The list of celebrities who developed colon or rectal cancer are well published (those who died of the disease are marked with a *) and include United States President Ronald Reagan, US Supreme Court Justice Ruth Bader Ginsburg, All-Star baseball players Eric Davis and Darryl Strawberry, anchor-person Katie Couric’s husband*, Charles Schultz (Peanuts Comic developer)*, Elizabeth Montgomery (Samantha in Bewitched)*, Milton Berle* (Comedian), Sharon Osbourne (wife of Ozzy), Tony Snow (news anchor)*, Vince Lombardi (American football coach and legend)*, Corazon Aquino (Philippine President)*, Pope John Paul II*, and countless others as it’s a leading cause of cancer death in the Western World.
Such notoriety has brought much-needed public awareness to this highly preventable and often secretive disease. The misperceptions that colorectal cancer is a rare and unpreventable disease affects only the elderly, or those with poor nutrition or dietary habits are rapidly disappearing. In fact, colon and rectal cancer is the third leading cancer affecting women and men in the United States and is the second leading cause of cancer-related death in the US. More importantly, colon and rectal cancer is potentially preventable with proper screening since pre-cancerous polyps (the growth in which cancer develops) are removed during a screening colonoscopy.
Thus, it is important for the public to understand that colorectal cancer can strike any person, regardless of age, ethnicity, or dietary intake.
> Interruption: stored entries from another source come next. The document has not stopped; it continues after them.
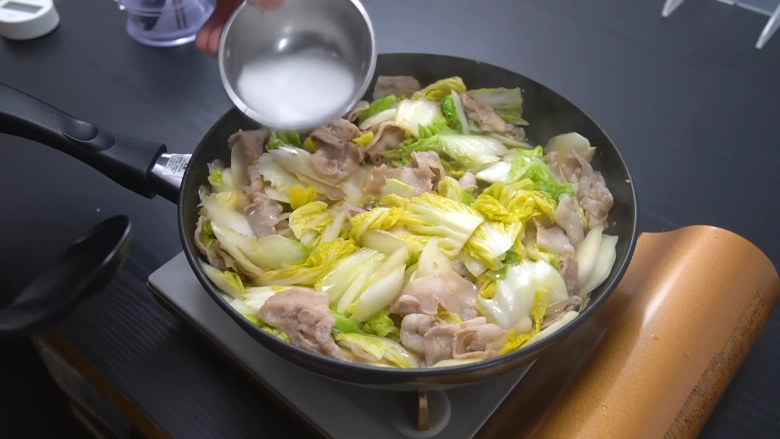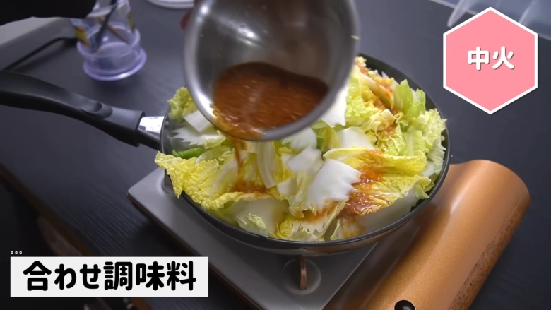 白菜を入れたら、あらかじめ作っておいた合わせ調味料も加えましょう。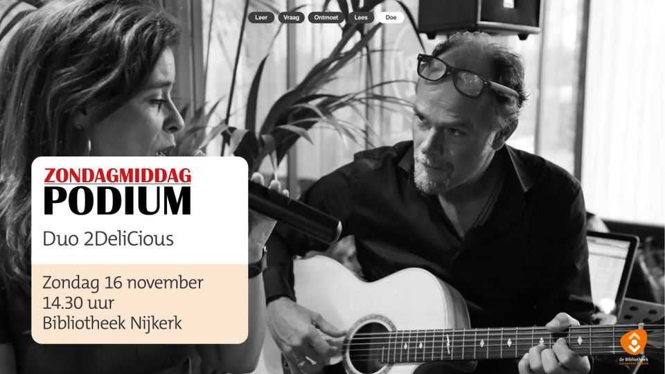 Zondagmiddag krijgt een bijzondere sfeer met Duo 2DeliCious, Nathalie D’Alessandro en Michael van Kolfschooten. Een muzikaal duo dat je meeneemt in een breed palet aan stijlen — van intieme luisterliedjes en jazzy standaards tot swingende disco hits en meeslepende pop.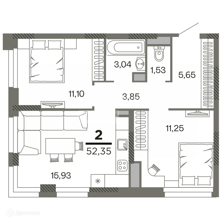 Общая площадь 52.35 м2

In the United States, the lifetime risk of developing colorectal cancer is 5 to 6%. The incidence of colorectal cancer rises with age, a family history of colorectal cancer, a family history of advanced polyps, a personal history of polyps or colorectal cancer, a history of pelvic irradiation, or long-standing inflammatory bowel disease. In addition, the rate of colorectal cancer in the African American population is higher than in the US population at large.
In the United States in 2017 it is anticipated that there will be 95,520 new cases of colon cancer and 39,910 new cases of rectal cancer. 52,260 deaths are expected in 2017, second in frequency only to lung cancer. In fact, each year in the United States more women die of colorectal cancer than of breast cancer. Colorectal cancer is the third leading cause of cancer-related deaths in women in the United States and the second leading cause in men.
Importantly, colorectal cancer is potentially preventable, and this is the rationale behind screening: by removing precancerous polyps, future cancers can be prevented. Colonoscopy is the ‘gold-standard’ for screening. Colonoscopy is more sensitive than other screening techniques, and, because of the ability to endoscopically-remove polyps, it is therapeutic.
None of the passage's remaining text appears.